Resolved, That the Committee be also instructed to print hereafter, for convenient reference, the names of the officers and members of all the county societies, together, at the end of each number of the Transactions, in alphabetical order, the officers of said societies to be designated by their appropriate initials. (Ibid.)

Resolved, That in order that the Transactions may serve more fully as a directory for learning the names and residences of the respectable practitioners in the counties in which county organizations exist, the societies be again urged to carry out more faithfully the law of this Society, requiring each county society to furnish annually for publication a correct list of its officers and members.

Resolved, That since many numbers of the Transactions are entirely out of print, the Permanent Secretary and Treasurer be authorized to exchange any numbers of the Transactions of which there are on hand more than five copies for any number of which the Society has none. (Ibid.)

Resolved, That in the future a committee of three on unfinished business shall be appointed at the beginning of each annual session. (Vide Transactions for 1873, page 31.)

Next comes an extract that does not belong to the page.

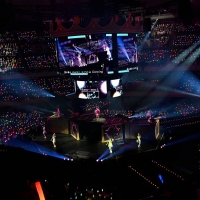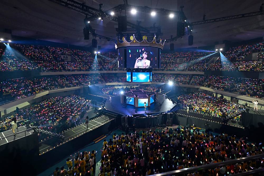 360°観客に囲まれたステージに登場した≒JOY。彼女たちは「日本武道館行くぞー!」の声を合図に1stソング『≒JOY』でライブの幕を開けた。曲中には「ニアジョイお誕生日おめでとう!」という掛け声とともに金の紙吹雪が舞い、早くも大きな熱気が発生。『スイートシックスティーン』ではこの日ならではの替え歌も披露され、続く自己紹介パートではメンバーそれぞれがテンション高くファンへ呼びかけた。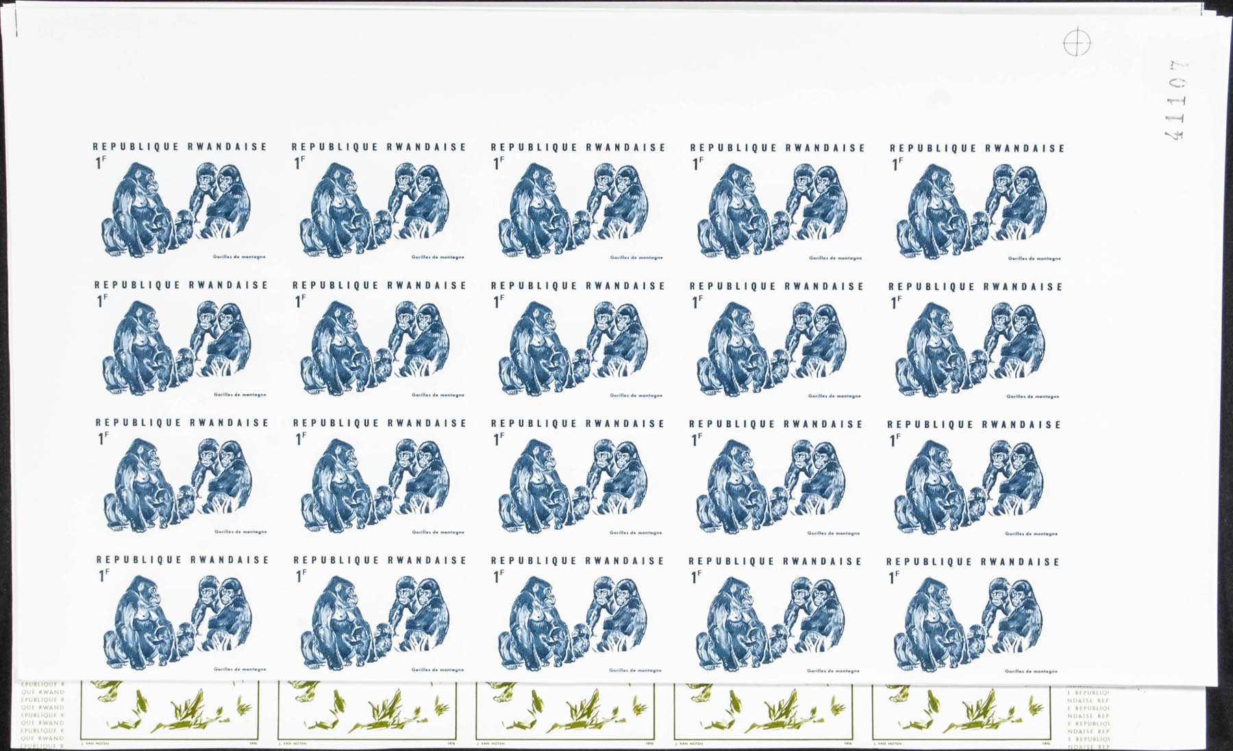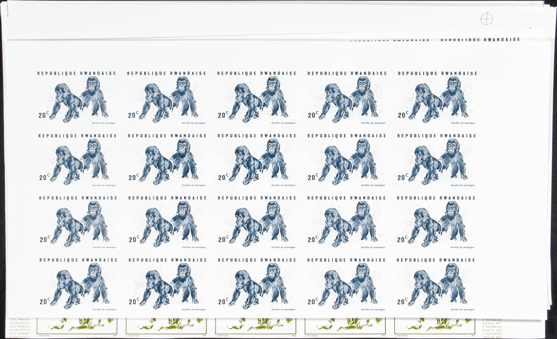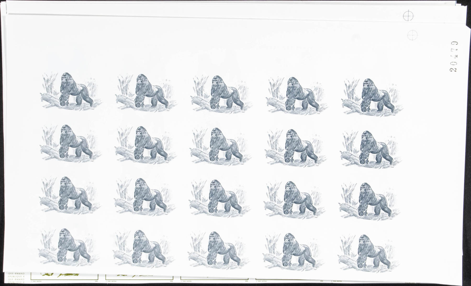 ★★Yvert 370/77. 1970. Gorillas. Group of progressive plate proofs of the set.

Resolved, That the Committee on Hygiene be and are hereby authorized to draw on the Secretary for copies of the Transactions for the year during which he holds his appointment, and to distribute the same to State Boards of Health, Boards of Health of large cities, the American Public Health Association, and other important sanitary bodies in this country and in Europe, with the request that they will furnish this Society their own Transactions in exchange. (Vide Transactions for 1874, page 470.)

CODE OF MEDICAL ETHICS.

OF THE DUTIES OF PHYSICIANS TO THEIR PATIENTS, AND OF THE OBLIGATIONS OF PATIENTS TO THEIR PHYSICIANS.

ART. I.-Duties of physicians to their patients.

§ 1. A physician should not only be ever ready to obey the calls of the sick, but his mind ought also to be imbued with the greatness of his mission, and the responsibility he habitually incurs in its discharge. Those obligations are the more deep and enduring, because there is no tribunal other than his own conscience to adjudge penalties for carelessness or neglect. Physicians should, therefore, minister to the sick with due impressions of the importance of their office; reflecting that the ease, the health, and the lives of those committed to their charge depend on their skill, attention, and fidelity. They should study, also, in their deportment, so to unite tenderness with firmness, and condescension with authority, as to inspire the minds of their patients with gratitude, respect, and confidence. § 2. Every case committed to the charge of a physician should be treated with attention, steadiness, and humanity. Reasonable indulgence should be granted to the mental imbecility and caprices of the sick. Secrecy and delicacy, when required by peculiar circumstances, should be strictly observed; and the familiar and confidential intercourse to which physicians are admitted in their professional visits, should be used with discretion, and with the most scrupulous regard to fidelity and honor. The obligation of secrecy extends beyond the period of professional services;-none of the privacies of personal and domestic life, no infirmity of disposition or flaw of character observed during professional attendance, should ever be divulged by the physician except when he is imperatively required to do so. The force and necessity of this obligation are indeed so great, that professional men have, under certain circumstances, been protected in their observance of secrecy by courts of justice.